[Records from a data source]
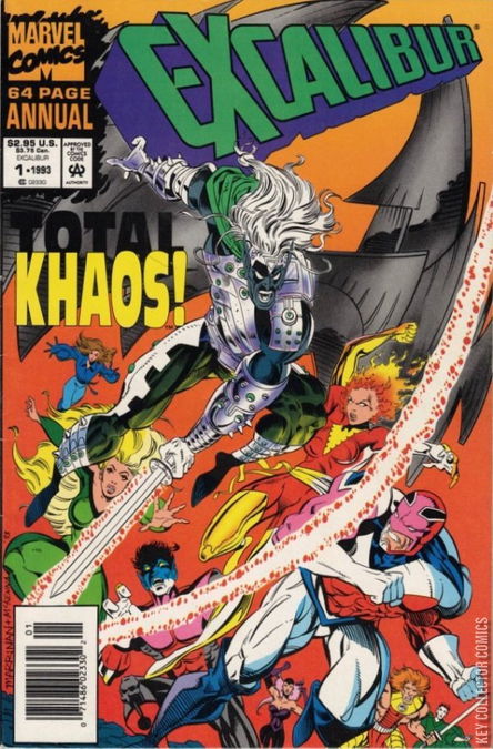 1st story: "Black Magic" A dark elf plagues Cerise’s dreams. With Excalibur, she traces the source of her dreams to a nearby castle, occupied by an elderly magician named Ghath. He blames the dreams on his attempts to return to his true world and apologizes. Suddenly, the dark elf Khaos breaks in and attacks. After taking him captive, Cerise realizes that Ghath is the true enemy; a sorcerer who’s still causing destruction on his homeworld of Irth. Excalibur and Khaos follow her to Ghath’s castle, where they’re magically transported to Irth. They defeat Ghath, only to discover after returning home that remnants of Ghath’s spell have trapped Khaos on Earth. He declines Excalibur’s offer to join and focuses on discovering a way home. 2nd story: "Honey Is Money": Technet's own short story. A knight serving the Princess Flavia holds Numbers hostage, forcing the Technet to retrieve special nectar from another dimension. After narrowly escaping from giant bees, Technet returns with the bounty. Flavia appears and takes the nectar, using it to cure the knight’s acne. Format Annual Page Count 64 pages Cover Price $2.95
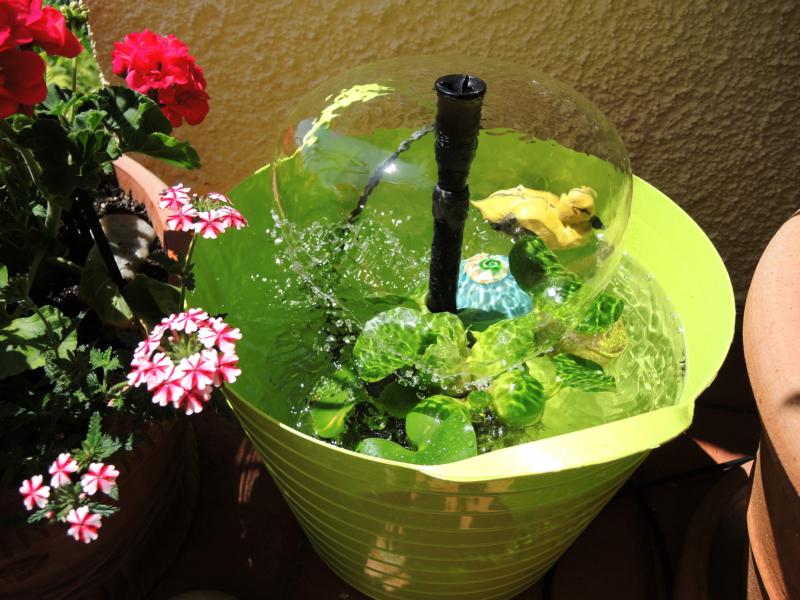 2) Weniger spektakulär aber sehr stimmungsvoll und beruhigend ist meine kleine Quelle im Bottich auf der Terasse.
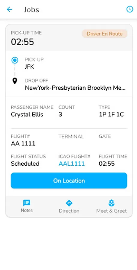 As part of ride management, a driver gets a new job, accepts (or rejects) it, gets details of the passengers and the pick-up location, and gets directions (with the destination pre-filled). The driver may use the features of this app to inform the dispatcher when the passengers have boarded the vehicle, or that the ride is complete and the passengers have been off-loaded. On this app, the driver has the ability to add extra charges based upon extra stops or an over-limit waiting period.
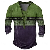 More information about Men's Geometric Ethnic T Shirt Henley Shirt Long Sleeve Designer Retro Vintage Ethnic Street Casual Daily Summer Spring Fall Dark Brown Green Blue khaki Henley Henley T-Shirt
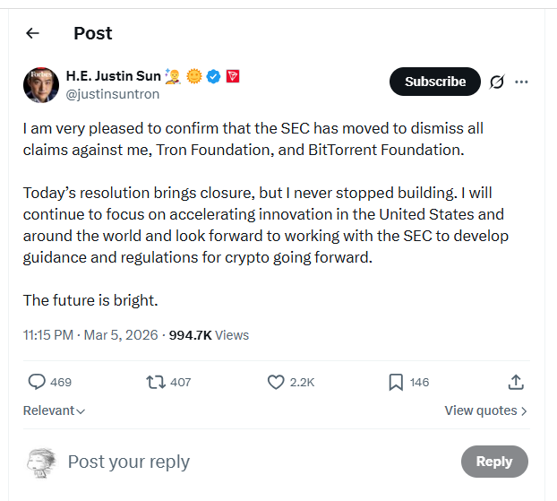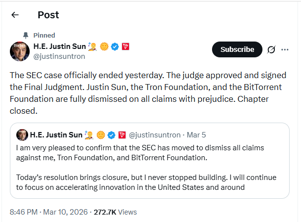 SEC: Justin Sun, the Tron Foundation, and the BitTorrent Foundation are fully dismissed (2026-03)

> **Problem to work on**: Each record must be set down again without alteration, and no picture may be carried over.

> **Response to the exercise**:
 1st story: "Black Magic" A dark elf plagues Cerise’s dreams. With Excalibur, she traces the source of her dreams to a nearby castle, occupied by an elderly magician named Ghath. He blames the dreams on his attempts to return to his true world and apologizes. Suddenly, the dark elf Khaos breaks in and attacks. After taking him captive, Cerise realizes that Ghath is the true enemy; a sorcerer who’s still causing destruction on his homeworld of Irth. Excalibur and Khaos follow her to Ghath’s castle, where they’re magically transported to Irth. They defeat Ghath, only to discover after returning home that remnants of Ghath’s spell have trapped Khaos on Earth. He declines Excalibur’s offer to join and focuses on discovering a way home. 2nd story: "Honey Is Money": Technet's own short story. A knight serving the Princess Flavia holds Numbers hostage, forcing the Technet to retrieve special nectar from another dimension. After narrowly escaping from giant bees, Technet returns with the bounty. Flavia appears and takes the nectar, using it to cure the knight’s acne. Format Annual Page Count 64 pages Cover Price $2.95
 2) Weniger spektakulär aber sehr stimmungsvoll und beruhigend ist meine kleine Quelle im Bottich auf der Terasse.
 As part of ride management, a driver gets a new job, accepts (or rejects) it, gets details of the passengers and the pick-up location, and gets directions (with the destination pre-filled). The driver may use the features of this app to inform the dispatcher when the passengers have boarded the vehicle, or that the ride is complete and the passengers have been off-loaded. On this app, the driver has the ability to add extra charges based upon extra stops or an over-limit waiting period.
 More information about Men's Geometric Ethnic T Shirt Henley Shirt Long Sleeve Designer Retro Vintage Ethnic Street Casual Daily Summer Spring Fall Dark Brown Green Blue khaki Henley Henley T-Shirt
 SEC: Justin Sun, the Tron Foundation, and the BitTorrent Foundation are fully dismissed (2026-03)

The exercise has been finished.